◆ **PROBLEM DETAILS**
As soon as the line containing "4/11 私の名前は 2年生" appears in the material below, start returning lines exactly, and end with the line containing "Kuchyně ve tvaru".

◆ **INFORMATION SUPPLIED**

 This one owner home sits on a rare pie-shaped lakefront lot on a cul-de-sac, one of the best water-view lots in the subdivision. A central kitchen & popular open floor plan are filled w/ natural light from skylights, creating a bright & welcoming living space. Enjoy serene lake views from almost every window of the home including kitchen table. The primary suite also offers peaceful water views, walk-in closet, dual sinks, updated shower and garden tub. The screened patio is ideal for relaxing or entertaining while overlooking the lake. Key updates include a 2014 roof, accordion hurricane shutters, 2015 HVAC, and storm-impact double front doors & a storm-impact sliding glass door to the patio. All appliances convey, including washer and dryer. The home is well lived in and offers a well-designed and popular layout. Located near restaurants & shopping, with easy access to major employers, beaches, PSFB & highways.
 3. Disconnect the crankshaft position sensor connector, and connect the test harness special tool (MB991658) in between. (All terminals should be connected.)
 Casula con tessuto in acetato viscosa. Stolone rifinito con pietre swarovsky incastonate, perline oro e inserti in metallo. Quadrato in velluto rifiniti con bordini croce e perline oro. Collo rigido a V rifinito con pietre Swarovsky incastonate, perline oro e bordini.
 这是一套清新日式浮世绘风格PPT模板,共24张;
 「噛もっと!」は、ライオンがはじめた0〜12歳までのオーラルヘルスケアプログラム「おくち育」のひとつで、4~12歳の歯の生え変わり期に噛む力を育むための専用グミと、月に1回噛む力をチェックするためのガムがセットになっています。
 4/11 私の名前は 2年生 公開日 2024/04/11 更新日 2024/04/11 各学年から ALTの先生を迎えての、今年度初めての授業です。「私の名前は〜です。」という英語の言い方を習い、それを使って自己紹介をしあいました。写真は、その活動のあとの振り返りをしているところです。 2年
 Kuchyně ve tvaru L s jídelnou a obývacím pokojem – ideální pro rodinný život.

...

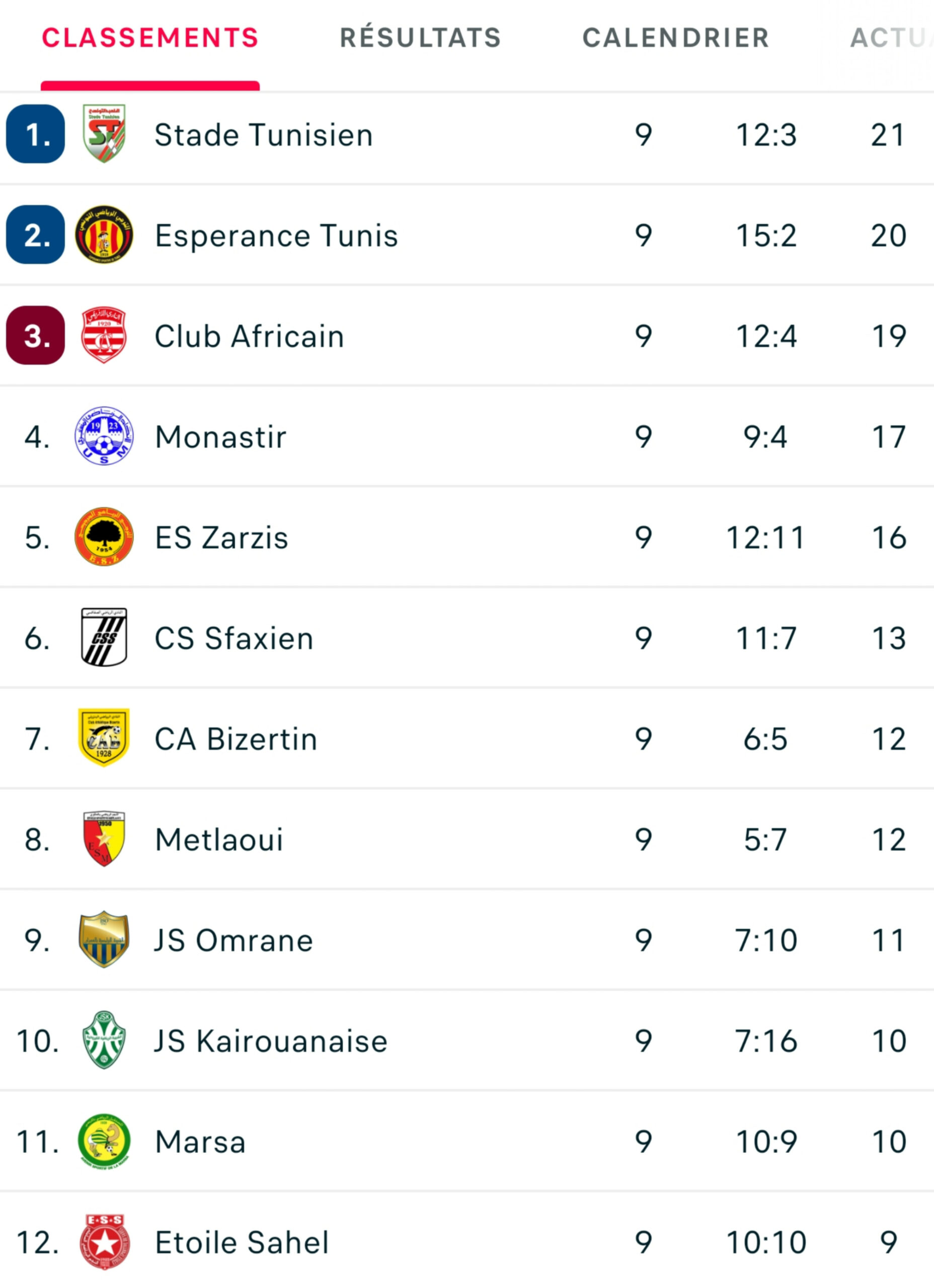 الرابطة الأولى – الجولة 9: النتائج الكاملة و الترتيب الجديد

* * *

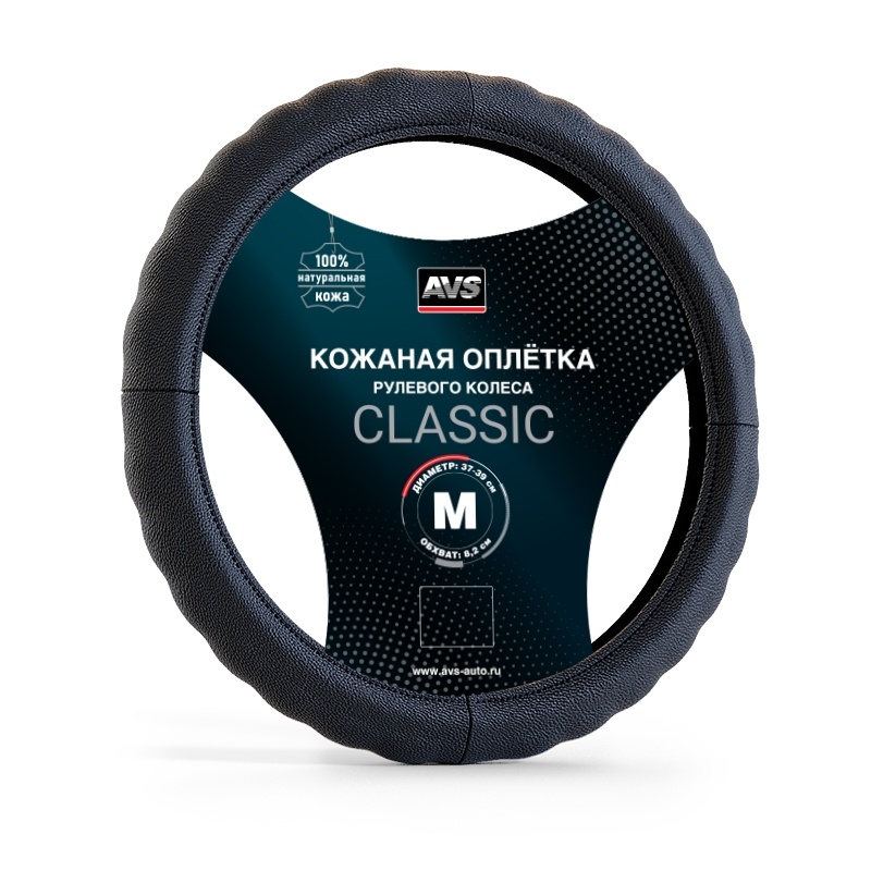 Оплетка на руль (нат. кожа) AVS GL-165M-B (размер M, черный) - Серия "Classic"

◆ **OUTPUT**
 4/11 私の名前は 2年生 公開日 2024/04/11 更新日 2024/04/11 各学年から ALTの先生を迎えての、今年度初めての授業です。「私の名前は〜です。」という英語の言い方を習い、それを使って自己紹介をしあいました。写真は、その活動のあとの振り返りをしているところです。 2年
 Kuchyně ve tvaru L s jídelnou a obývacím pokojem – ideální pro rodinný život.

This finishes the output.